● **Task brief**:
Exact copies of all the lines below are needed, without the pictures.

● **Task input**:
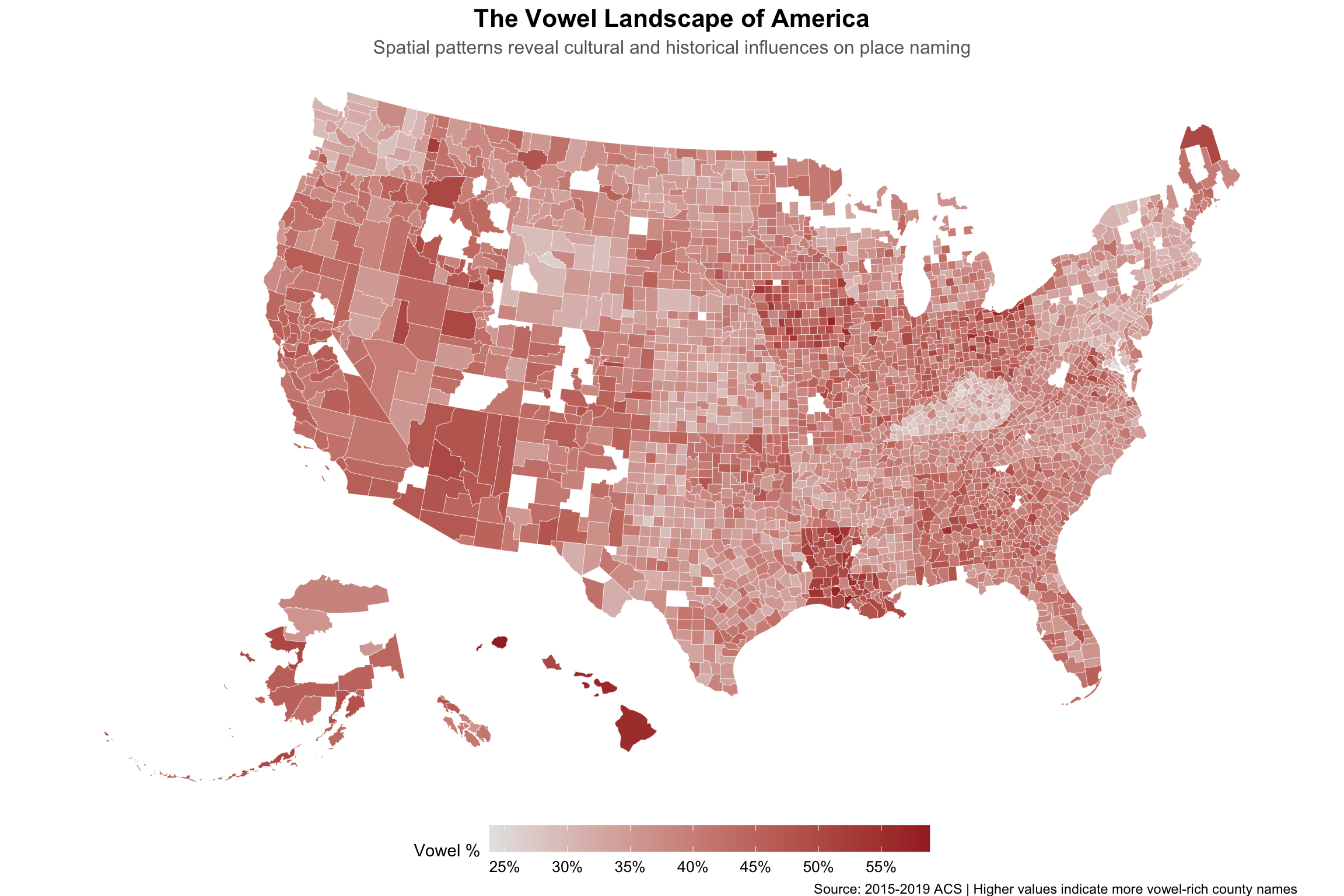 Regional patterns reveal America’s linguistic heritage: the South, with its English colonial roots and later settlement patterns, shows lower vowel percentages—think “McCracken County” and “Culpeper County.” The West, influenced by Spanish toponymy and Native American names, tilts toward vowel-rich appellations like “Saguache County” and “Ouachita Parish.”
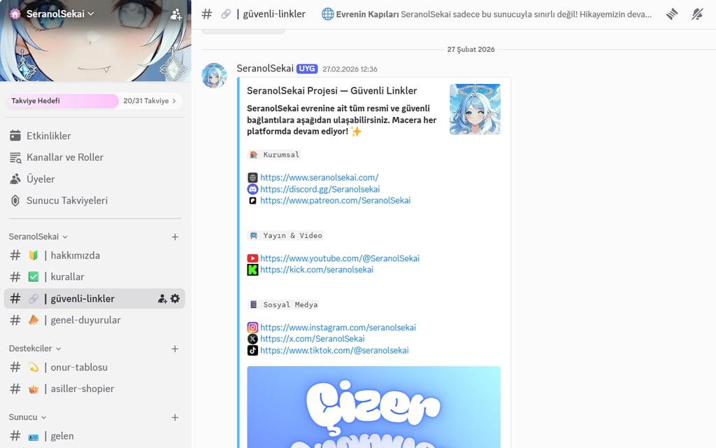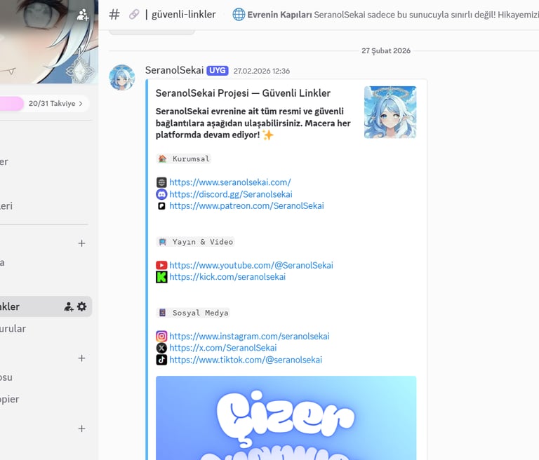 Projemizin kalbinin atacağı, topluluğumuzla bir araya geleceğimiz resmi Discord sunucumuz bugün itibarıyla yayında! Gelişmeleri yakından takip etmek, fikirlerinizi paylaşmak ve bu evrenin bir parçası olmak için hepinizi bekliyoruz. SeranolSekai dünyasına ilk adımınızı atın!
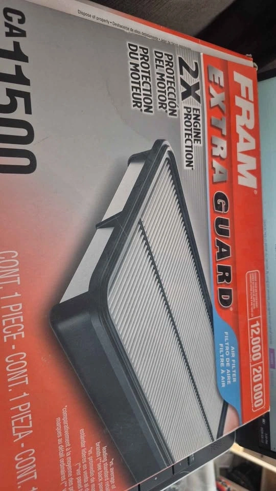 New AIR TECHNIK Cabin Air Filter with activated carbon. Part number 72880FL000. Features 3-stage filtration for particles, odors, and bacteria. Fits Subaru Ascent (2019–2024), Crosstrek (2018–2024), Impreza (2017–2023), Legacy (2020–2024), Outback (2020–2024), XV (2018–2022); Mazda CX-9 (2016–2023); Toyota Corolla (2019–2024), RAV4 (2019–2024), Prius (2016–2024), Camry (2018–2024), Highlander (2020–2024); Hyundai Santa Fe (2013–2018), Santa Fe Sport (2013–2016), Santa Fe XL (2013–2019); Kia Sorento (2014–2015). Cross-references: Subaru OEM 72880-FL00A, 72880-FL500; Fram CF12436; Wix WP10320; NAPA Gold 230320; Purolator C31434. Also available: Fram CA11500 for Hyundai Santa Fe (2013–2018), Santa Fe Sport (2013–2016), Santa Fe XL (2013–2019), and Kia Sorento (2014–2015). Both filters are unused.
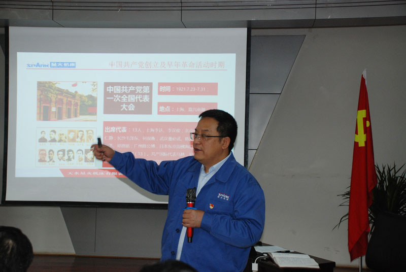黨委書記、星火機床集團公司董事長蔣保權為與會人員作了專題黨課輔導。蔣保權從人類歷史發展進步、中國共產黨誕生前的歷史背景、中國共產黨發展壯大的歷史,以及各個時期黨經受的考驗和歷史轉折關頭領導全國各族人民不斷堅定信仰、明確目標,從勝利走向勝利的光輝歷程。蔣保權指出,每個黨員都要了解黨的光輝歷史,提高修養,嚴格用黨員標準規范自己言行,發揮好模范帶頭作用,堅信只有共產黨才能救中國,只有共產黨才能領導中國革命從勝利走向勝利,最終實現為中國人民謀幸福,為中華民族謀復興的中國夢。
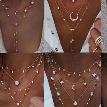 Victoria’s Vogue New Vintage Crystal Geometry Star Moon Lock Necklace For Women Boho Multi-level Pendants Necklaces Chokers Jewelry Gift
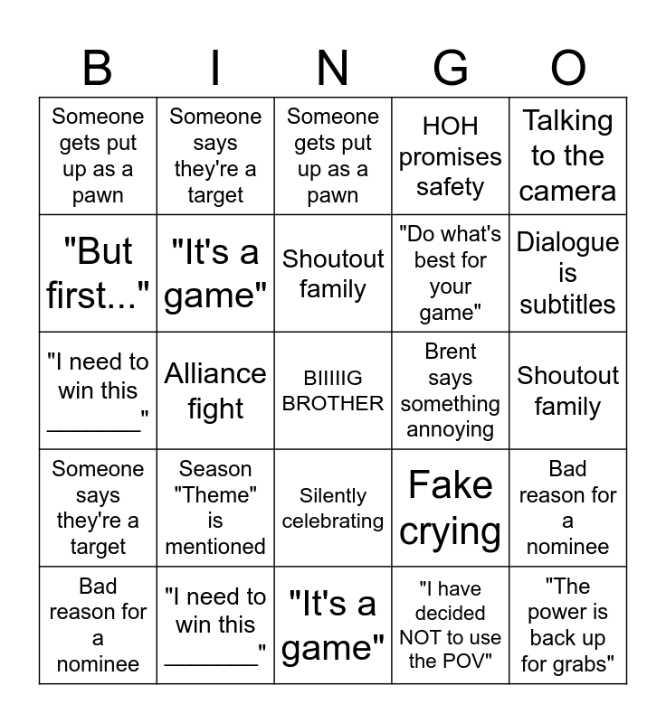 This bingo card has a free space and 54 words: Sound cuts out, Someone says they're a target, Attempted Backdoor, "I ______ Vote to Evict", Silently celebrating, "I have decided NOT to use the POV", HOH promises safety, "Who wants to see my HOH room?", "But first...", Unanimous Vote, Someone gets put up as a pawn, Someone throws the comp, "I need to win this _______", Bad reason for a nominee, Jury House Mentioned, "It's a game", "The power is back up for grabs", "Do what's best for your game", Someone re-explains rules in the diary room, Shoutout family, Fake crying, Wildcard by fate, Brent says something annoying, Talking to the camera, Sound cuts out, Someone says they're a target, Attempted Backdoor, "I ______ Vote to Evict", Silently celebrating, "I have decided NOT to use the POV", HOH promises safety, Violently Sobbing, "But first...", Unanimous Vote, Someone gets put up as a pawn, Someone throws the comp, "I need to win this _______", Bad reason for a nominee, Jury House Mentioned, "It's a game", "The power is back up for grabs", "Do what's best for your game", Chess Board used to show time-lapse, Someone re-explains rules in the diary room, Season "Theme" is mentioned, NYOOOM stinger, Talking to the camera, B-Roll when talking about someone, Shoutout family, Alliance fight, Dialogue is subtitles, Showmance content, Faceless voice and America shoutout.
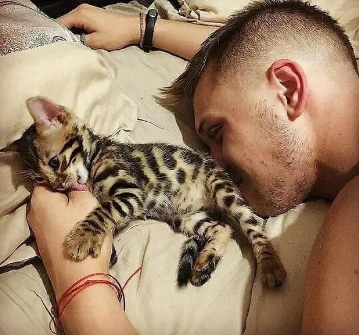 9. «Мой папа, который ездит на Harley-Davidson и ростом под два метра, дремлет с моим полуторакилограммовым щенком. Вот она настоящая любовь, друзья»
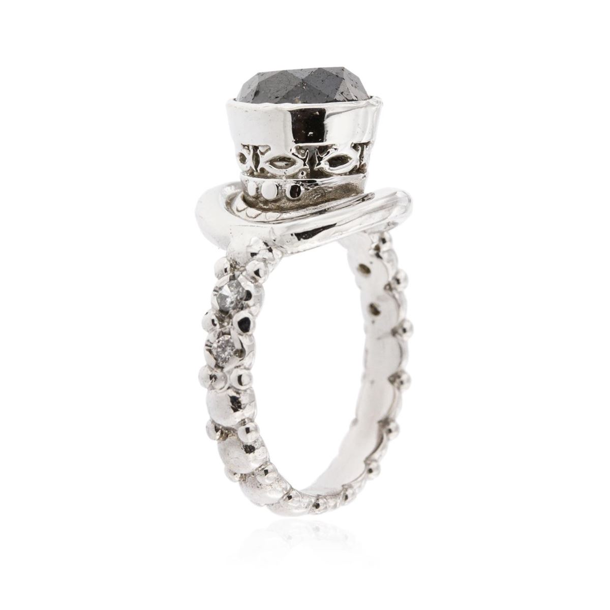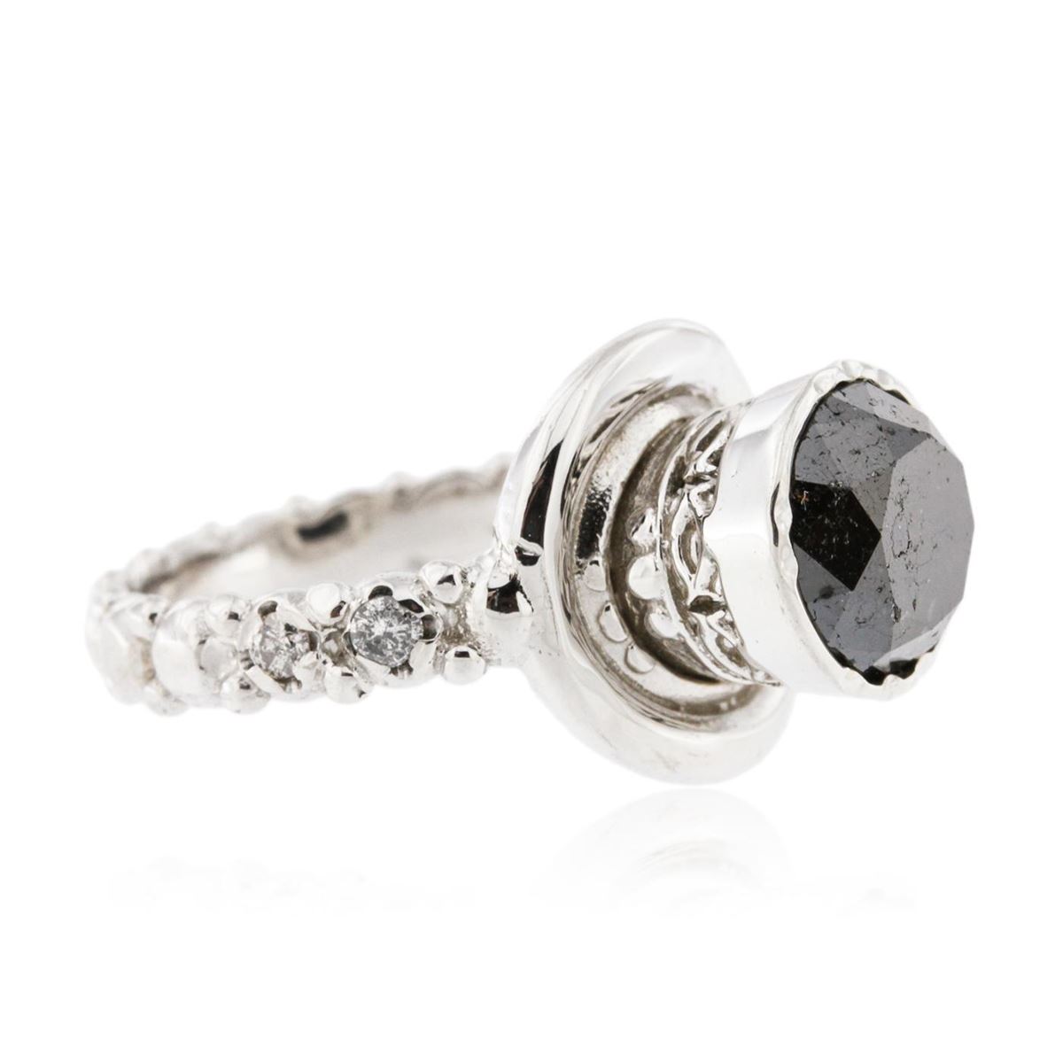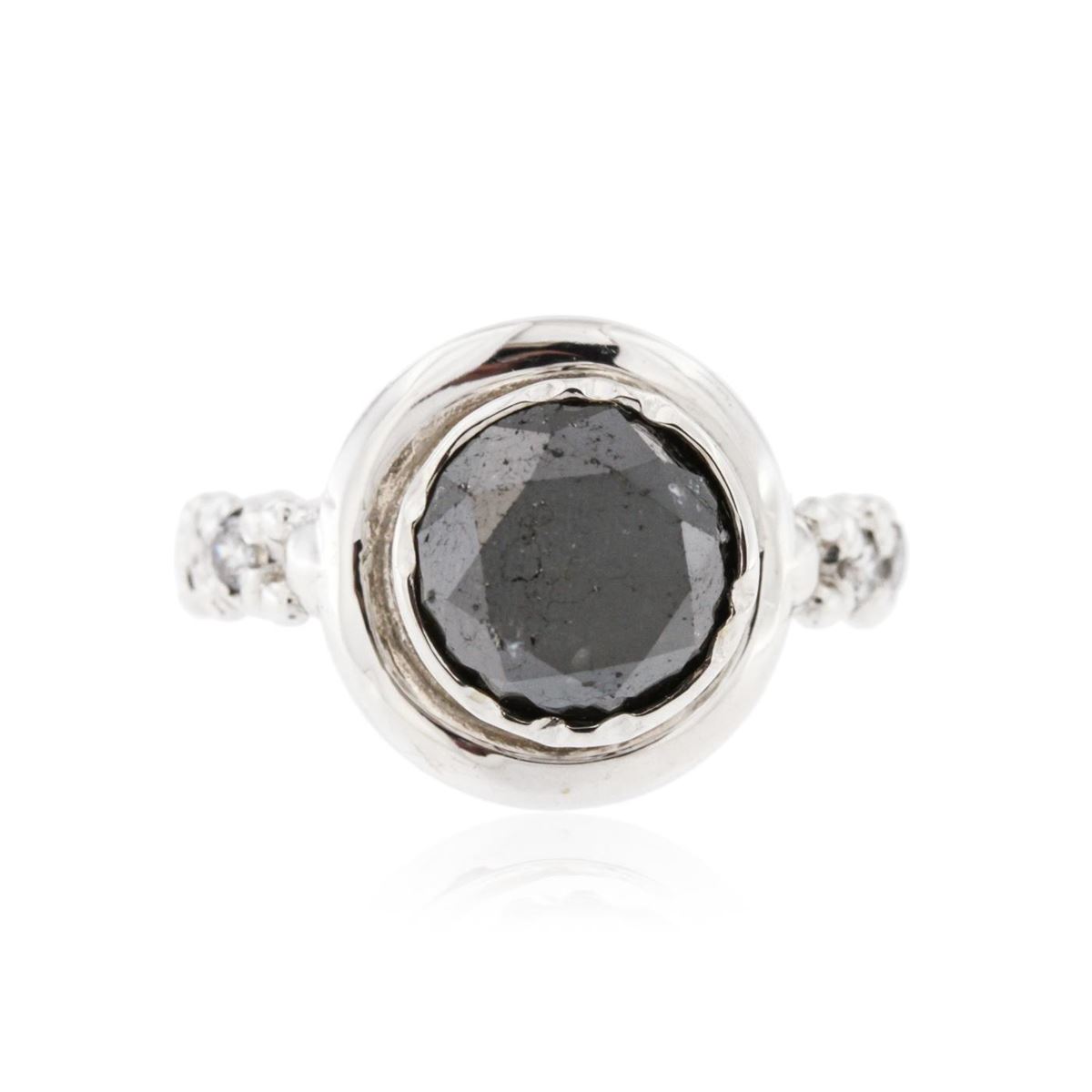 One electronically tested 14KT white gold ladies cast black and white diamond ring with a bright finish. Condition is new, good workmanship. The featured black diamond is set in a tall conical shaped setting, supported by diamond set shoulders and repeating pattern throughout the three and one half millimeter wide band. identified with markings of "14K". Containing: One prong set round brilliant cut diamond, measuring 8.80 - 8.70 x 5.25mm (depth est.), 11.00% GTCF approximate weight of 2.72ct. Indications of multiple laboratory enhancements. Graded in the setting. Clarity Declasse. Color Fancy Black; Irradiated. Depth 60.0%. Table 68.4%. Four prong set round brilliant cut diamonds, measuring 2.20 - 2.20 x 1.32mm (depth est.) approximate total weight of 4 Stones = 0.15ct. Graded in the setting. Clarity I-1 to I-2. Color H - I. Total Weight of Diamonds 2.87ct. Total Weight of Ring 8.53 gm. AIG Appraised at $4,180.00.

● **Response area**:
 Regional patterns reveal America’s linguistic heritage: the South, with its English colonial roots and later settlement patterns, shows lower vowel percentages—think “McCracken County” and “Culpeper County.” The West, influenced by Spanish toponymy and Native American names, tilts toward vowel-rich appellations like “Saguache County” and “Ouachita Parish.”
 Projemizin kalbinin atacağı, topluluğumuzla bir araya geleceğimiz resmi Discord sunucumuz bugün itibarıyla yayında! Gelişmeleri yakından takip etmek, fikirlerinizi paylaşmak ve bu evrenin bir parçası olmak için hepinizi bekliyoruz. SeranolSekai dünyasına ilk adımınızı atın!
 New AIR TECHNIK Cabin Air Filter with activated carbon. Part number 72880FL000. Features 3-stage filtration for particles, odors, and bacteria. Fits Subaru Ascent (2019–2024), Crosstrek (2018–2024), Impreza (2017–2023), Legacy (2020–2024), Outback (2020–2024), XV (2018–2022); Mazda CX-9 (2016–2023); Toyota Corolla (2019–2024), RAV4 (2019–2024), Prius (2016–2024), Camry (2018–2024), Highlander (2020–2024); Hyundai Santa Fe (2013–2018), Santa Fe Sport (2013–2016), Santa Fe XL (2013–2019); Kia Sorento (2014–2015). Cross-references: Subaru OEM 72880-FL00A, 72880-FL500; Fram CF12436; Wix WP10320; NAPA Gold 230320; Purolator C31434. Also available: Fram CA11500 for Hyundai Santa Fe (2013–2018), Santa Fe Sport (2013–2016), Santa Fe XL (2013–2019), and Kia Sorento (2014–2015). Both filters are unused.
黨委書記、星火機床集團公司董事長蔣保權為與會人員作了專題黨課輔導。蔣保權從人類歷史發展進步、中國共產黨誕生前的歷史背景、中國共產黨發展壯大的歷史,以及各個時期黨經受的考驗和歷史轉折關頭領導全國各族人民不斷堅定信仰、明確目標,從勝利走向勝利的光輝歷程。蔣保權指出,每個黨員都要了解黨的光輝歷史,提高修養,嚴格用黨員標準規范自己言行,發揮好模范帶頭作用,堅信只有共產黨才能救中國,只有共產黨才能領導中國革命從勝利走向勝利,最終實現為中國人民謀幸福,為中華民族謀復興的中國夢。
 Victoria’s Vogue New Vintage Crystal Geometry Star Moon Lock Necklace For Women Boho Multi-level Pendants Necklaces Chokers Jewelry Gift
 This bingo card has a free space and 54 words: Sound cuts out, Someone says they're a target, Attempted Backdoor, "I ______ Vote to Evict", Silently celebrating, "I have decided NOT to use the POV", HOH promises safety, "Who wants to see my HOH room?", "But first...", Unanimous Vote, Someone gets put up as a pawn, Someone throws the comp, "I need to win this _______", Bad reason for a nominee, Jury House Mentioned, "It's a game", "The power is back up for grabs", "Do what's best for your game", Someone re-explains rules in the diary room, Shoutout family, Fake crying, Wildcard by fate, Brent says something annoying, Talking to the camera, Sound cuts out, Someone says they're a target, Attempted Backdoor, "I ______ Vote to Evict", Silently celebrating, "I have decided NOT to use the POV", HOH promises safety, Violently Sobbing, "But first...", Unanimous Vote, Someone gets put up as a pawn, Someone throws the comp, "I need to win this _______", Bad reason for a nominee, Jury House Mentioned, "It's a game", "The power is back up for grabs", "Do what's best for your game", Chess Board used to show time-lapse, Someone re-explains rules in the diary room, Season "Theme" is mentioned, NYOOOM stinger, Talking to the camera, B-Roll when talking about someone, Shoutout family, Alliance fight, Dialogue is subtitles, Showmance content, Faceless voice and America shoutout.
 9. «Мой папа, который ездит на Harley-Davidson и ростом под два метра, дремлет с моим полуторакилограммовым щенком. Вот она настоящая любовь, друзья»
 One electronically tested 14KT white gold ladies cast black and white diamond ring with a bright finish. Condition is new, good workmanship. The featured black diamond is set in a tall conical shaped setting, supported by diamond set shoulders and repeating pattern throughout the three and one half millimeter wide band. identified with markings of "14K". Containing: One prong set round brilliant cut diamond, measuring 8.80 - 8.70 x 5.25mm (depth est.), 11.00% GTCF approximate weight of 2.72ct. Indications of multiple laboratory enhancements. Graded in the setting. Clarity Declasse. Color Fancy Black; Irradiated. Depth 60.0%. Table 68.4%. Four prong set round brilliant cut diamonds, measuring 2.20 - 2.20 x 1.32mm (depth est.) approximate total weight of 4 Stones = 0.15ct. Graded in the setting. Clarity I-1 to I-2. Color H - I. Total Weight of Diamonds 2.87ct. Total Weight of Ring 8.53 gm. AIG Appraised at $4,180.00.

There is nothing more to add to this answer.